Married to Dr. Henry C. Welcome, Freeman Welcome won election to the Maryland House of Delegates representing Baltimore City’s fourth district. Welcome became the first African American woman to win election to the state House.

She served as a Delegate until 1962 when she won election as the state’s first Black woman senator.

Welcome served in the Senate until 1982.

“She was very impactful with the legislation that she helped pass in regards to marriage equity, even smoking bans and other kinds of things we now kind of take for granted,” Ida E. Jones, an author and archivist at Morgan State University, remarked in a televised 2019 interview.

It was Welcome’s 1975 legislation that transformed Morgan State College into Morgan State University.

“Verda Welcome is largely ignored by history, Edwin T. Johnson, assistant university archivist at Morgan State University, said in the same interview with Jones.

Johnson offered that he was hopeful that Welcome’s notoriety would change.

Her legislative accomplishments were historic.
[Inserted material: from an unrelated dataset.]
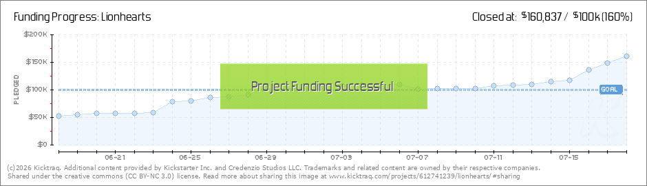 Hail, Lionheart! Our campaign is off to a thunderous start, all thanks to you! In under a week, we’ve raised more than $70,000 USD, already over 2/3rds of the way to our funding goal and we've been selected as Kickstarter “Project We Love”!... (Read More)

She spearheaded bills to attack discrimination in public housing and other public accommodations, and she sponsored legislation that helped to fund the construction of Provident Hospital.

Legislation put forth by Welcome also addressed equal pay, harassment of welfare recipients, illegal employment practices.

Her legislation also led to the creation of the Maryland Commission on Afro-American History and Culture.

One of fifteen children of John and Docia Freeman, Verda Freeman Welcome died in 1990.

“She brought the entire community of those on the margins to the center of the conversation with dignity and grace,” Jones told WBAL-TV.

“The Welcome Bridge” at Morgan State University was constructed in Welcome’s honor, and officials said it provides a safe path over a busy road at the campus.

“She bridged the gap between the races,” Johnson continued.

“She bridged the gap in terms of inequities between men and women in so many facets and aspects of our world.